Exercise description:
Could you write out, exactly, every line from the top of the data through the line holding "Студийная стойка с"? Omit the pictures.

Information supplied:
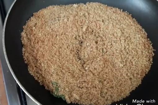 Doe het gekruide paneermeel in een pan en rooster het tot het goudbruin is.
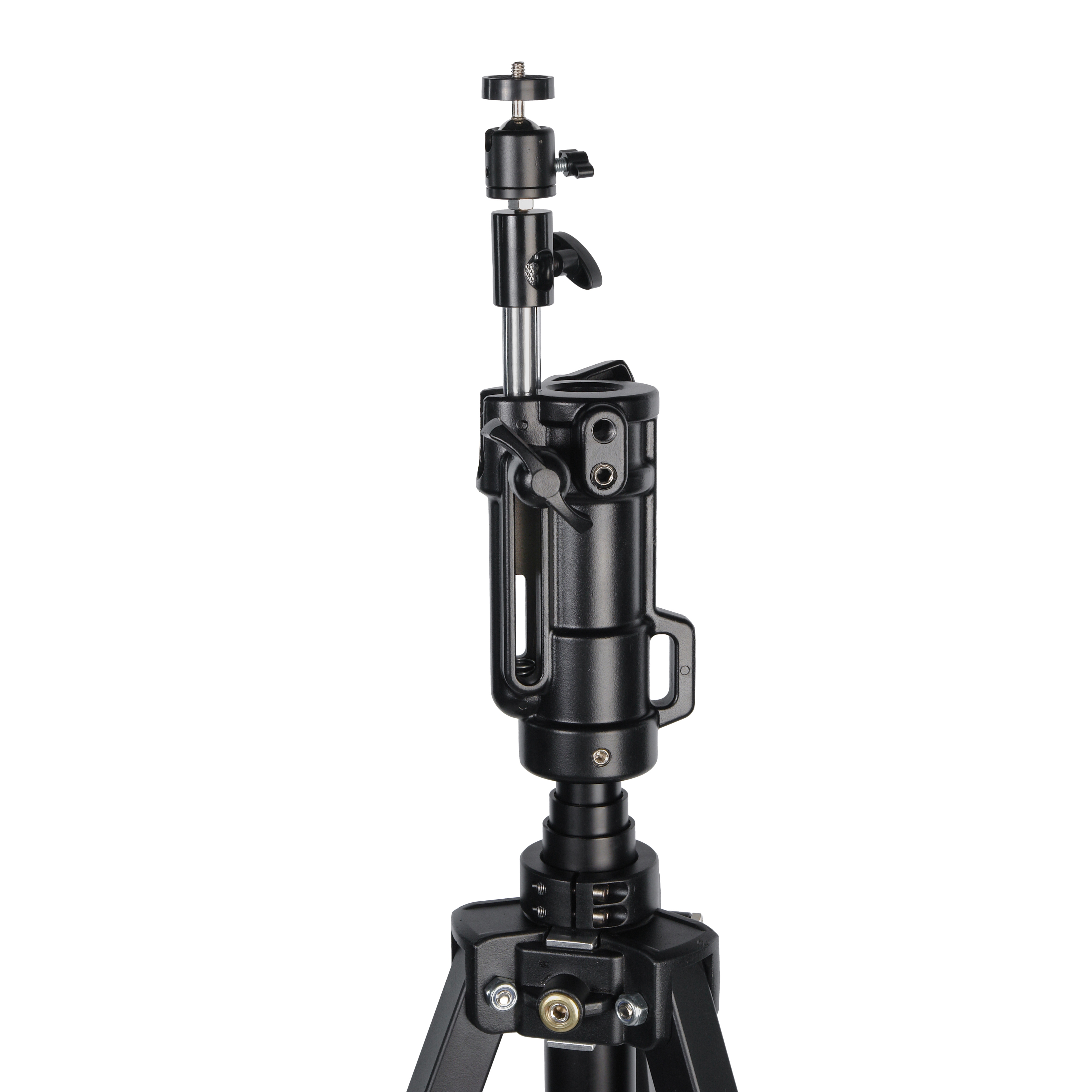 Студийная стойка с электроприводом оснащена шаровой мини-головкой с комбинированным креплением для установки цифровых камер. Адаптер имеет гнездо стандарта Junior 1-1/8” (28 мм) и наклонный штифт Baby 5/8” (16мм). Наличие проушины предоставляет возможность для страховки ценного оборудования.
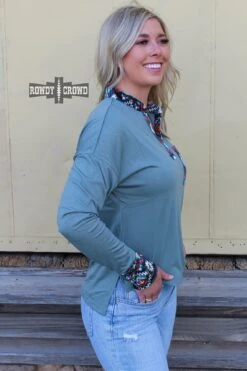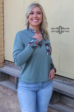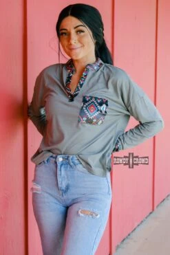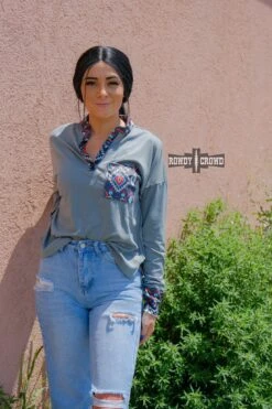 The Llano Estacado Long Sleeve is a comfortable, light weight top. With a heather dusty blue body and bright aztec detailing on velvet along the pocket, collar, and cuffs. Super soft stretchy material that is perfect going into the colder weather!
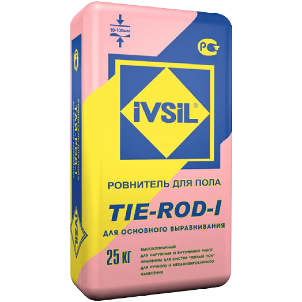 IVSIL TIE-ROD-I (ИВСИЛ ТАЙ-РОД-1) — это высококачественный ровнитель для пола, изготовленный на основе цемента, фракционированного песка, минеральных наполнителей и полимерных добавок. Он предназначен для основного выравнивания поверхностей пола толщиной до 100 мм и создания ровных оснований на стяжках из цементно-песчаных растворов и бетонов под последующие декоративные покрытия.
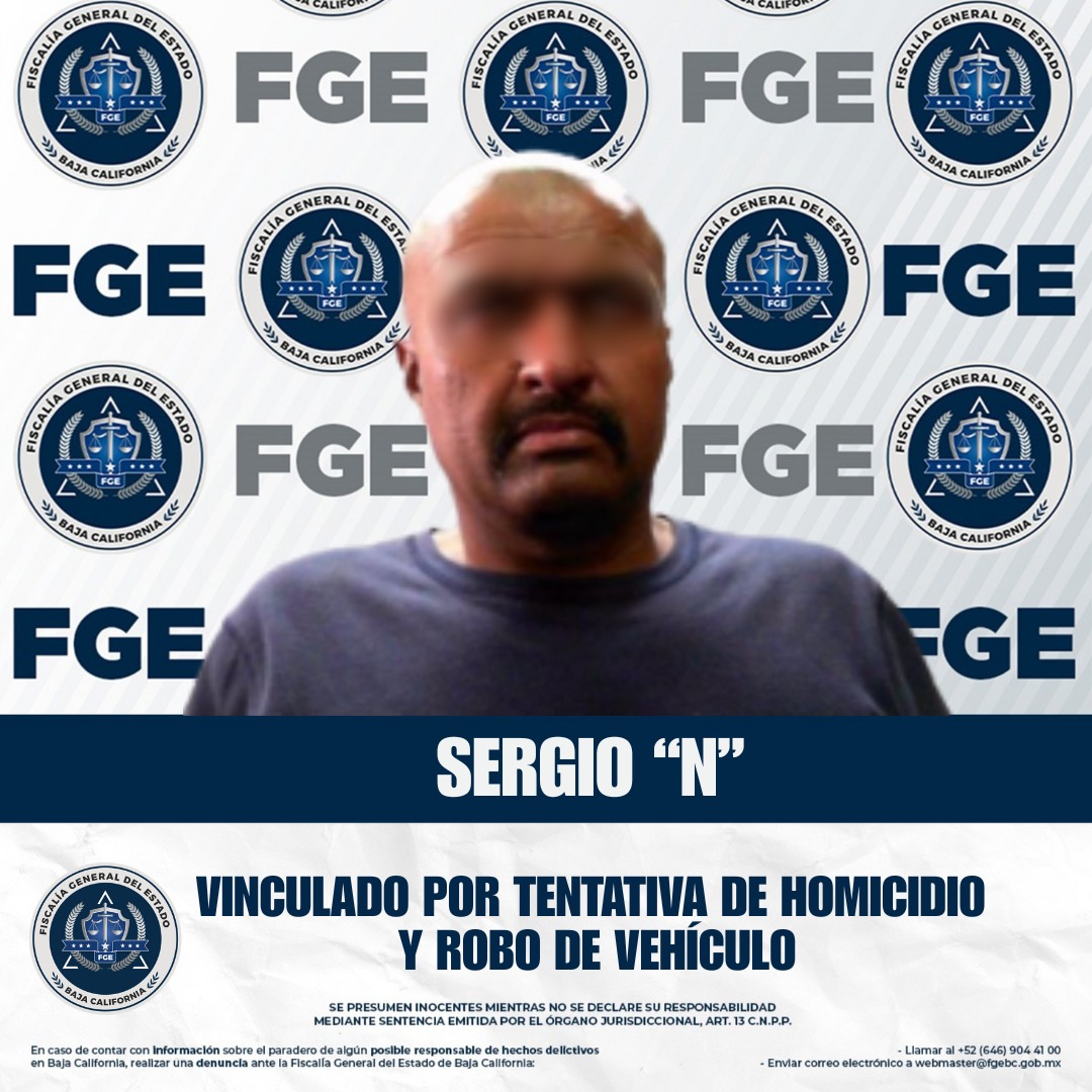 ENSENADA, BAJA CALIFORNIA. - La Fiscalía General del Estado, a través de la Fiscalía Especializada en Delitos Contra la Vida, obtuvo la vinculación a proceso de Sergio “N”, alias “El Teco”, por su presunta participación en los delitos de homicidio calificado en grado de tentativa y robo de vehículo, cometidos en agravio de un hombre, el pasado 13 de febrero de 2025, en el poblado de El Porvenir.
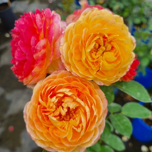 Rosomane Janon to zachwycająca róża parkowa o wielobarwnych kwiatach, które przyciągają wzrok intensywną grą kolorów – od kremowożółtego, przez łososiowy i różowy, aż po głęboki koralowy odcień. Kwiaty są duże (ok. 12 cm średnicy), pełne i składają się z ponad 50 delikatnych płatków. Ich zapach jest świeży, owocowy, z wyczuwalnymi nutami wanilii, limonki i cytrusów – szczególnie intensywny w ciepłe, słoneczne dni.
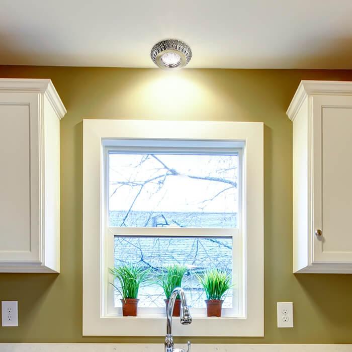 Для светильника необходима 1 галогеновая лампа 50 W. Габариты изделия: высота – 40 мм, диаметр – 100 мм.
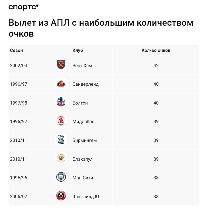 Самая большая неудача – вылет в 2003-м «Вест Хэма» с 42 очками. Здесь же – удивительное. После 27 туров команда шла предпоследней, отставая на пять очков от спасительного 17-го места. За следующие 11 туров «Вест Хэм» набрал 22 очка – только у двух команд за отрезок было больше! Но даже такой мощный рывок не помог спастись, не хватило двух баллов.
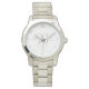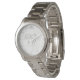 Mostrado em aço inoxidável colorido Prata, este relógio estilo bracelete tem uma face branca com marcas numéricas de tempo de Cinza Prateada, Cinza de cor prata coroa coroa de trabalho de rolagem às 12 horas, seus três monogramas personalizados e uma linha de texto personalizada sob seu título, data especial, etc. Tem uma segunda mão. Escolha seu estilo de relógio favorito, etc. Personalizar este item.
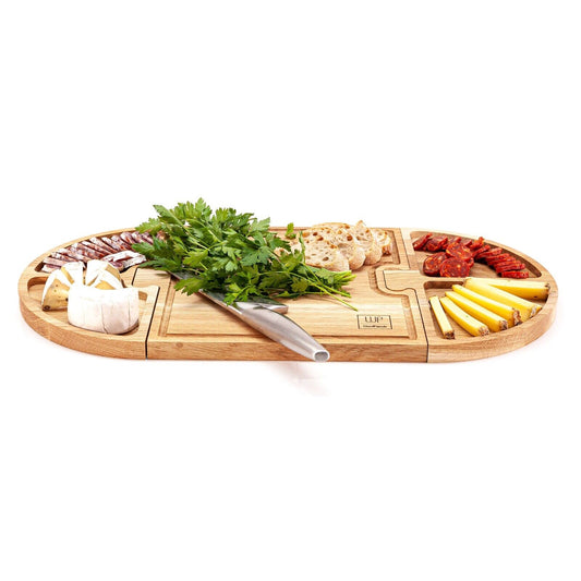 WoodFriends Servierbrett aus Eiche Massivholz 57x27x2cm 3-teilig Schneidebrett
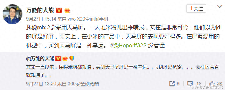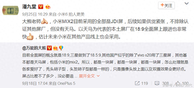 手机卖的多了,关注的多了,问题也就来了,小米MIX2采用的是谁的屏幕,JDI还是国产天马屏?行内分析师潘九堂则说小米MIX2采用的是JDI的屏幕,没有天马屏。但是现在潘九堂被小米招安了,谁敢保证他说的就是真的。
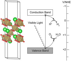 Photocatalytic water splitting is a promising route to achieve renewable hydrogen production. In this work, a series of A5B4O15 (A=Ca, Sr, Ba; B=V, Nb, Ta) layered perovskite materials, were investigated through density functional theory computations. We revealed that changing B ions can modify the band gap, and A-ion substitution can tune the band-edge position. Therefore, through A/B ion combination, we can realize the band engineering of A5B4O15 materials. Electron/hole effective mass and water adsorption of A5B4O15 materials were also explored. Further investigations suggest that Ca5V4O15 nanosheet, with an appropriate band gap and an optimal band-edge position, would be a promising photocatalyst for visible-light water splitting.
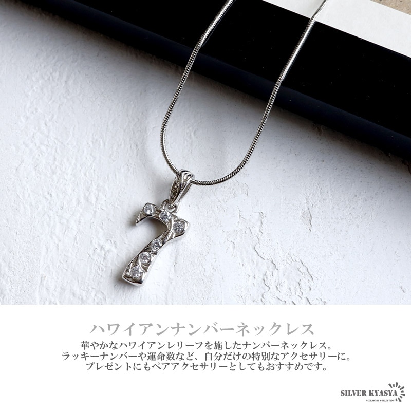 ■ITEM DETAIL 華やかなハワイアンレリーフを施し、ジルコニアを据えたナンバーネックレス。ラッキーナンバーや運命数など、お好きな数字を選べば、自分だけの特別なアクセサリーになること間違い無し!大切な人への贈り物にもぴったりのアイテムです。 ■滑らかなスネークチェーン つるんとした質感でしなやかさのあるスネークチェーンをセット。細身ながらもボリューム感のあるデザインが映えます。 ■SILVER925素材 シルバー925は、銀含有率(純度)92.5%を示し、一般的に純銀として扱われています。サビや劣化等がほとんどなく金属アレルギーも出にくいとされており、アクセサリーとして重宝される金属です。 | |
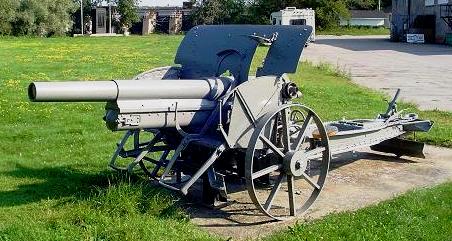 German First World War 10.5-cm leichtes Feldhaubitze 16 (10.5-cm leFH 16), (Serial Nr. 3264).  This gun was captured by the 102nd Battalion and 10th Battalion West of Bourlon Wood, France, on 27 September 1918. Royal Canadian Legion Branch No. 225.  Preserved by the personnel of the Electrical Mechanical Engineers Workshop, 22 Wing, CFB North Bay.  Arte et Marte.
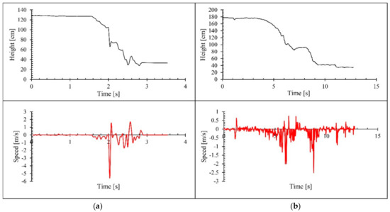 Changes in height and instant speed observed for some fall event. (a) Fall while sitting chair; (b) fall while trying to sit on floor.

Task solution:
 Doe het gekruide paneermeel in een pan en rooster het tot het goudbruin is.
 Студийная стойка с электроприводом оснащена шаровой мини-головкой с комбинированным креплением для установки цифровых камер. Адаптер имеет гнездо стандарта Junior 1-1/8” (28 мм) и наклонный штифт Baby 5/8” (16мм). Наличие проушины предоставляет возможность для страховки ценного оборудования.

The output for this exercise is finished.